Un violent incendie a semé la panique ce vendredi 6 février 2026 dans le quartier Sangoyah, en plein cœur de la commune de Matoto. Le sinistre, déclaré aux environs de 7 heures du matin, a entièrement ravagé un vaste domaine abritant plusieurs activités artisanales et commerciales, laissant derrière lui un paysage de désolation et des pertes économiques colossales.
Selon les informations recueillies sur place, le feu a consumé des ateliers de tapisserie, de menuiserie et de soudure, mais aussi des salons de coiffure, des bars-cafés et divers commerces. Parmi les structures touchées figurent également des magasins servant au stockage de congélateurs et de pièces détachées d’engins roulants, ce qui accentue l’ampleur des dégâts matériels enregistrés.
D’après plusieurs témoins, l’incendie serait parti d’un feu allumé pour brûler des ordures sèches, notamment des feuilles de manguiers entassées à proximité des ateliers.
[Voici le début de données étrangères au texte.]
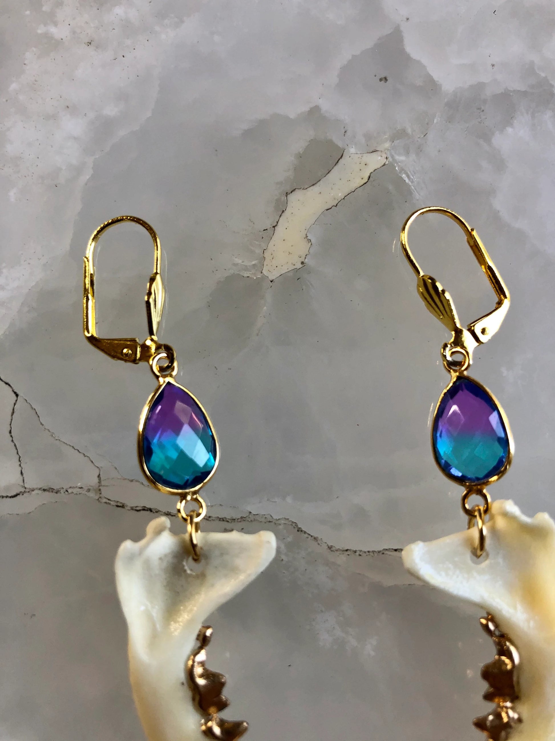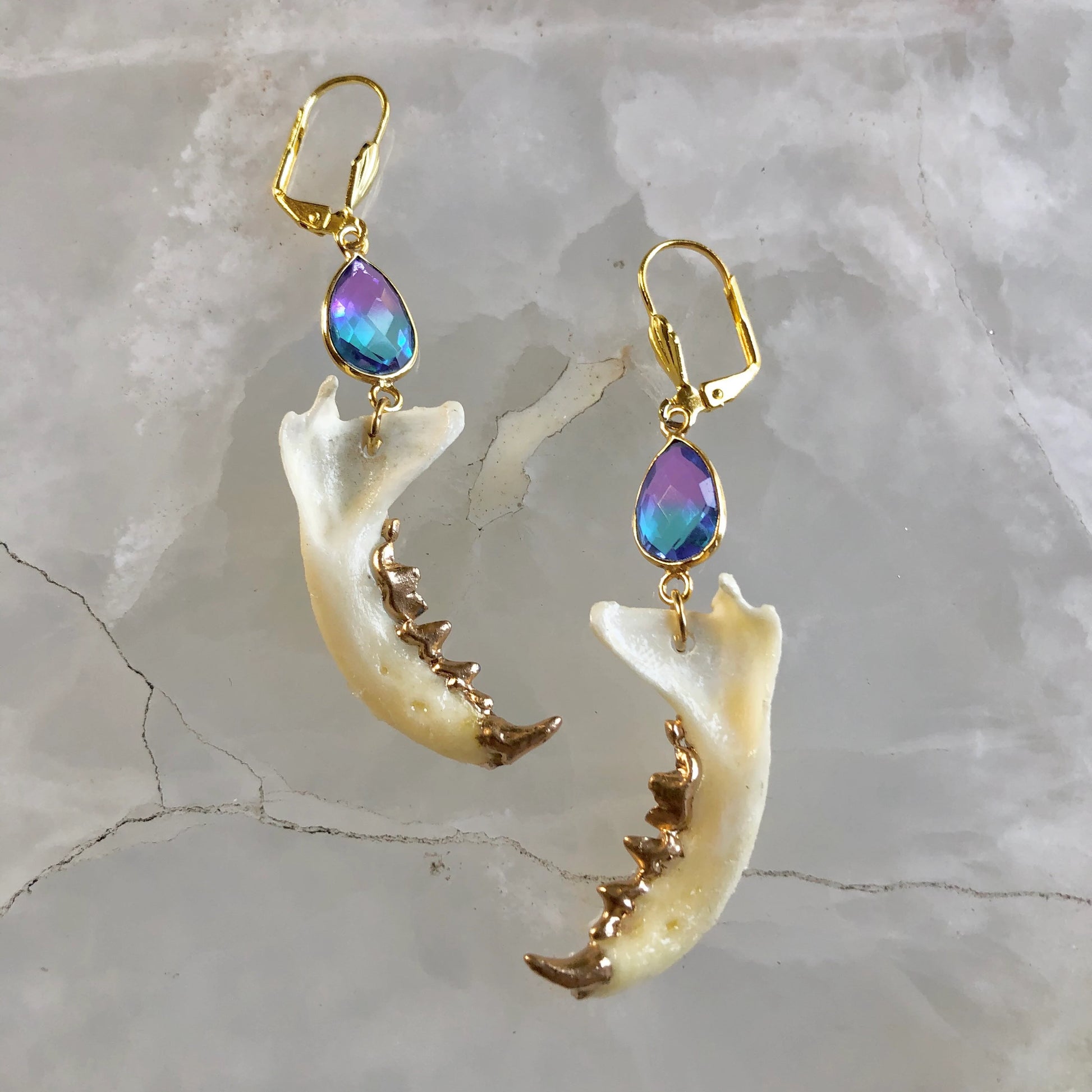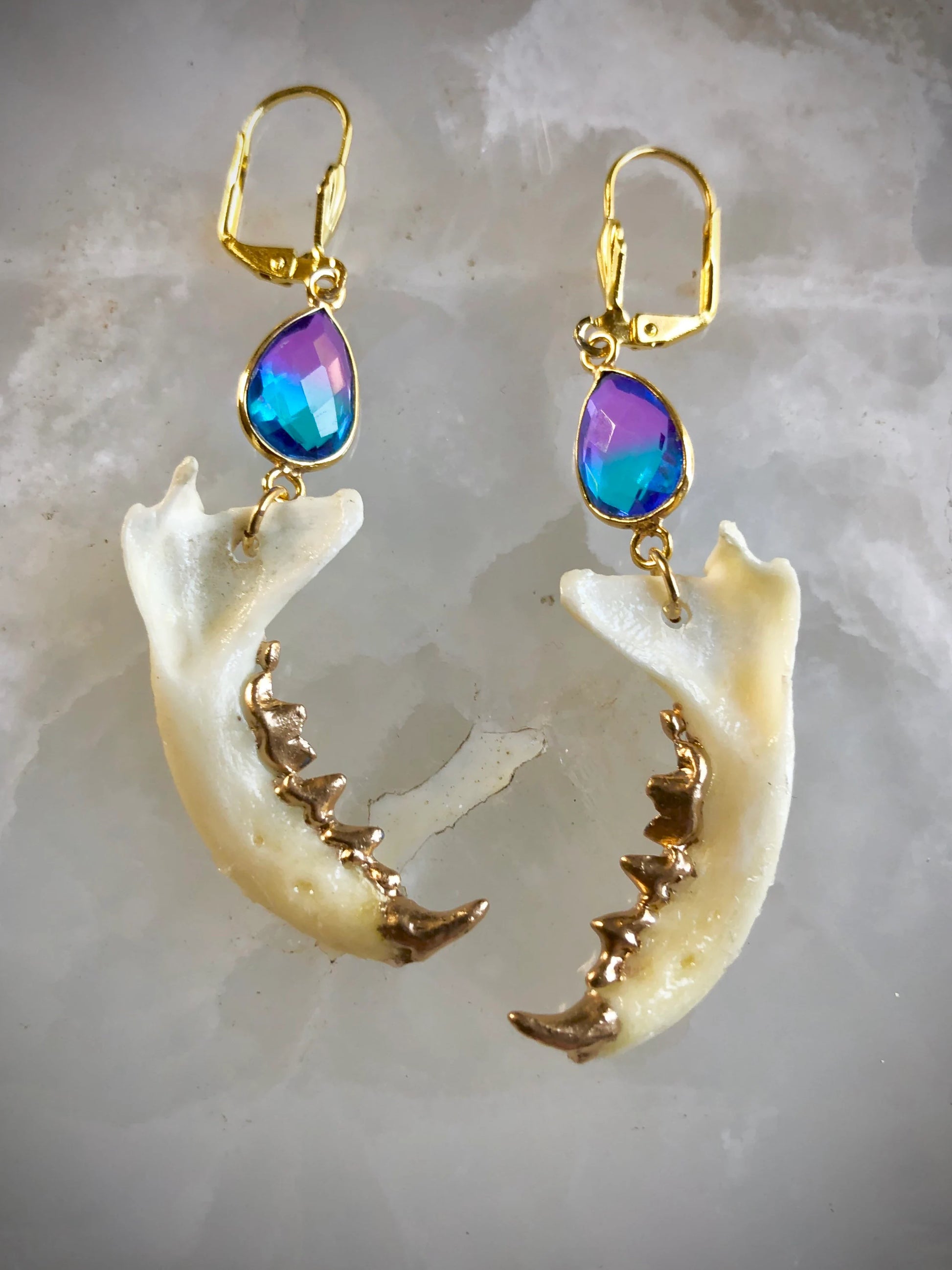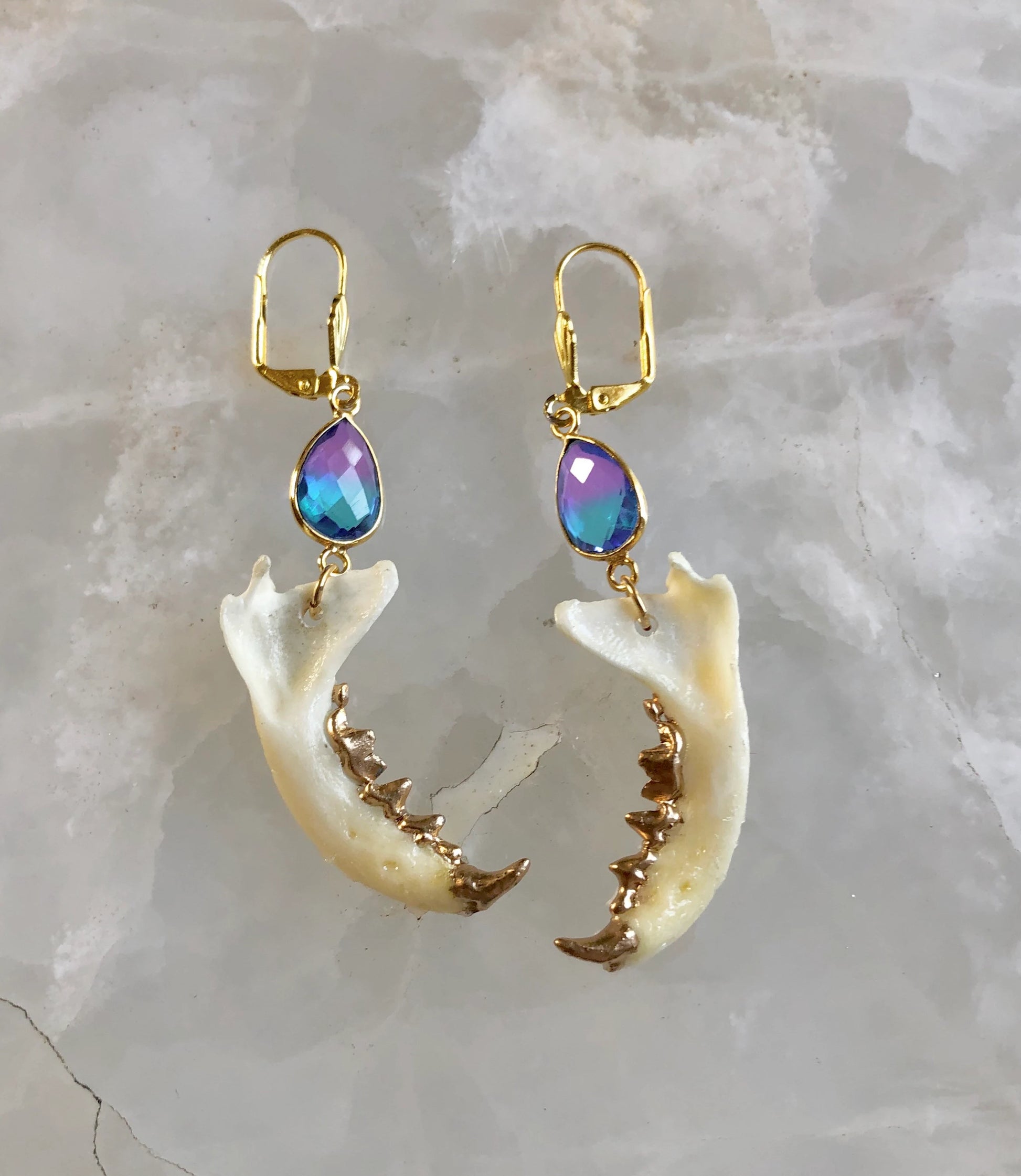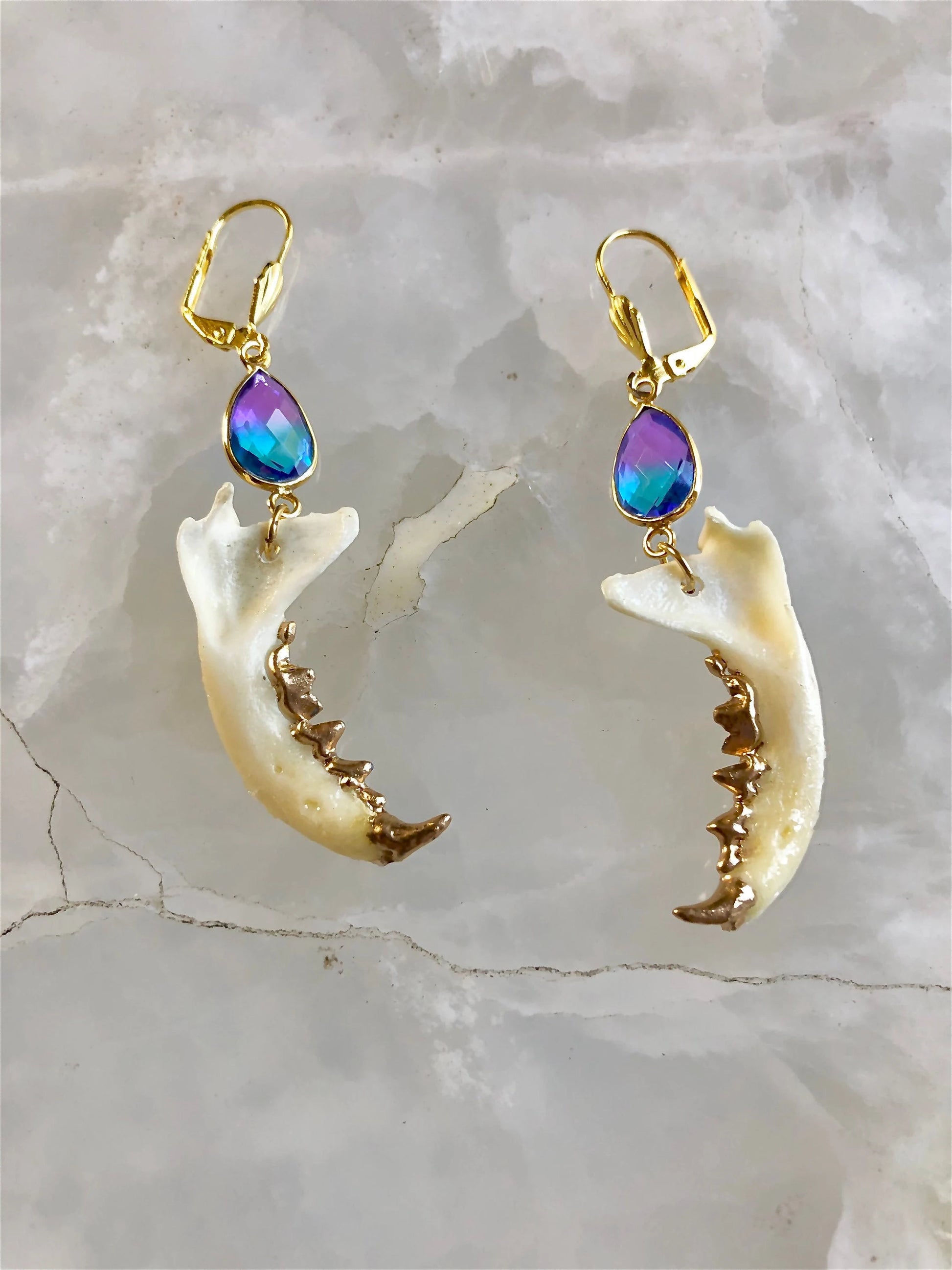 These unique and stunning earrings are made from authentic mink jaws with gold gilded teeth that hang from blue and purple topaz teardrops by gold latch back earrings

Ce geste, attribué au fils d’un maître tapissier exerçant sur le site, aurait rapidement dégénéré. Attisé par un vent matinal et la forte présence de matériaux hautement inflammables, le feu s’est propagé à une vitesse fulgurante, échappant à tout contrôle.
Souleymane Camara, gérant d’un bar-café installé dans le périmètre sinistré, raconte avec émotion les circonstances du drame. Il explique avoir été alerté très tôt dans la matinée. À son arrivée, les flammes avaient déjà gagné plusieurs installations. Selon lui, des clients présents au moment des faits auraient demandé au jeune auteur du feu d’éteindre les flammes naissantes, sans succès. Ce dernier aurait ensuite pris la fuite en direction du camp militaire voisin, laissant le feu se propager librement.
Sur le terrain, les conséquences sont dramatiques pour les victimes. Des années d’efforts et d’investissements ont été réduites en cendres en quelques heures. Les pertes financières sont estimées à plusieurs centaines de millions de francs guinéens. Des menuisiers et tapissiers ont vu disparaître leurs équipements de travail, leurs matières premières et des commandes prêtes à être livrées à des clients. Pour certains commerçants, c’est tout leur capital qui est parti en fumée.
« Des portes et des matériels évalués à plusieurs centaines de millions de francs guinéens ont été détruits. Personnellement, j’ai perdu un vestimentaire de plusieurs dizaines de millions. D’autres collègues avaient des commandes importantes en attente, sans compter les commerçants qui ont tout perdu », a déploré Souleymane Camara, visiblement abattu.
Au-delà des pertes matérielles, cet incendie pose une fois de plus la question de la gestion des déchets, de la sécurité dans les zones artisanales et de la prévention des risques d’incendie dans la capitale guinéenne. À Sangoyah, comme dans plusieurs quartiers de Conakry, les ateliers et commerces sont souvent installés les uns à côté des autres, sans véritables mesures de sécurité ni équipements anti-incendie adéquats.
En attendant d’éventuelles enquêtes et responsabilités, les victimes lancent un appel pressant aux autorités et aux personnes de bonne volonté pour leur venir en aide. Beaucoup se retrouvent aujourd’hui sans moyens de subsistance, dans un contexte économique déjà difficile. L’incendie de Sangoyah restera longtemps gravé dans les mémoires comme l’un des sinistres les plus dévastateurs enregistrés récemment dans la commune de Matoto.